JESUS CHRIST ONCE SAID to his disciples, according to the Gospel of Luke, “the harvest is plentiful, but the workers are few.” This observation always calls to mind my Aunt Kath’s career. From where I sit, it would be extraordinary enough if my tribute to her ended with the last point above. Yet there is her remarkable record of service to consider.

Aunt Kath has been a social worker for more than four decades and for the last 20+ years has served as the Executive Director of Catholic Charities for the Diocese of Raleigh, North Carolina. What this means is that it is no exaggeration to say her entire career has been occupied with and driven by serving others – namely the poor.

Now, with this stalwart longevity to her name and her reputation, Aunt Kath is beginning to receive honors, commensurate with such lengthy and vital stewardship. She is the recipient, in recent years, of The Order of the Long Leaf Pine, a distinction shared by such luminaries as the Reverend Billy Graham, Maya Angelou, and Michael Jordan – the highest civilian award bestowed by the State of North Carolina. She has also been presented with the Cross Pro Ecclesia et Pontifice from the Vatican, on behalf of Pope Benedict XVI. Translated into English as “For Church and Pope,” this award is also known as “The Cross of Honor,” and it is the highest award given by the Vatican to the Laity.

When Aunt Kath received this award, she was asked to give remarks.
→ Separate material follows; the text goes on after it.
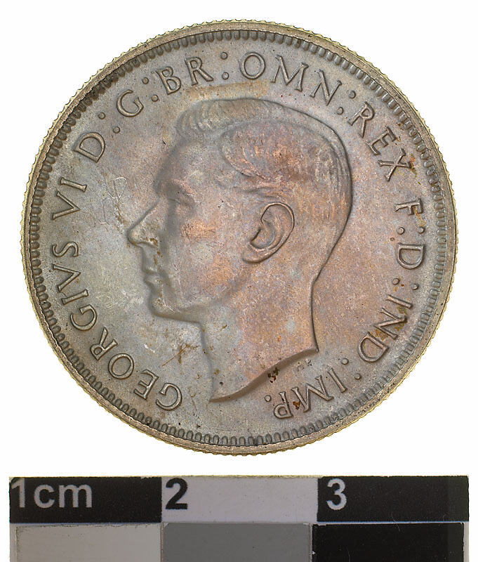 A silver coin (28 mm diameter with milled edge) featuring a bare head of George VI facing left; around, GEORGIVS VI D:G: BR: OMN: REX F:D: IND: IMP: ; below bust in small lettering the artist's initials H.P. This was a trial coin and has 66 scratched in field under VI D: to indicate the experimental silver percentage. The reverse is based on the Arms of the Commonwealth of Australia, as authorised by Royal Warrant 19 September 1912 - composed of a shield divided into six parts, each containing a representation of the badge of a State. The shield is supported by a kangaroo and an emu standing on a grassy mound accompanied by small branches of wattle. Above the shield is a crown. Around above, FLORIN between two seven pointed stars; and below, in the exergue, the date, 1945 curved below which, AUSTRALIA. The artist's initials KG are in the field above the back of the emu. See Notes Tab for details.
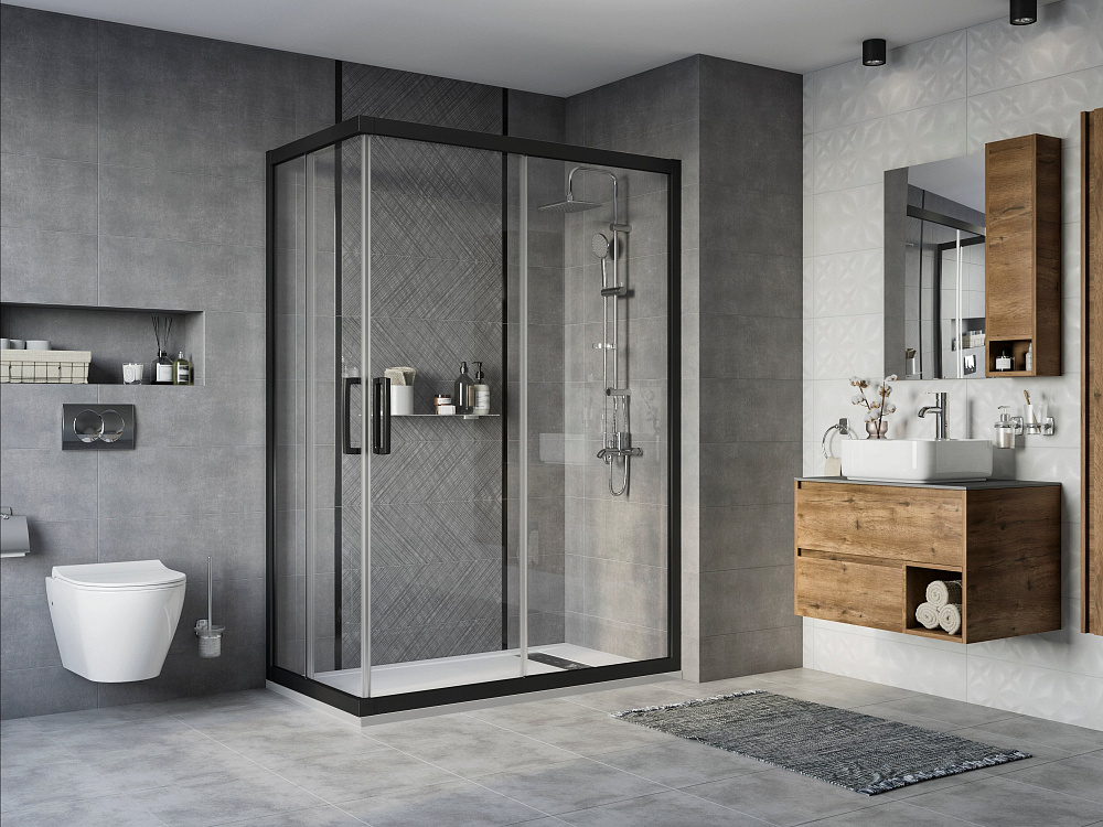 Душевой уголок STWORKI Карлстад 140x80 см профиль черный матовый

Rising to the occasion, she declared by way of opening, “I greet you this evening with a joyful Alleluia to our God…..” Notice she did not say “to God” or “to my God;” she said “to our God.” He’s our Father, she reminded us. Get the family spirit.

I know Aunt Kath would not want me to carry on at too much length about these distinctions, which are, needless to say, richly deserved. But my familial pride in her is so great that in marking her milestone birthday, I feel I must express it in writing.

So let me put it this way: if I were among the needy of this world, I would want Aunt Kath looking out for me. And of course, at 40 years old, I know enough now to comprehend that in some ways, I am; and in every way, she is.



WHAT IF SOMEONE was to live each day as though everyone they encountered was part of their family? Kathleen Walsh’s first seventy years form a living answer to this question. May she live on for another seventy, filling the dining rooms, conference rooms, and vestibules of a lost world with her “joyful Alleluias.” For those of us wandering around that same world can always use her faithful love and prayers.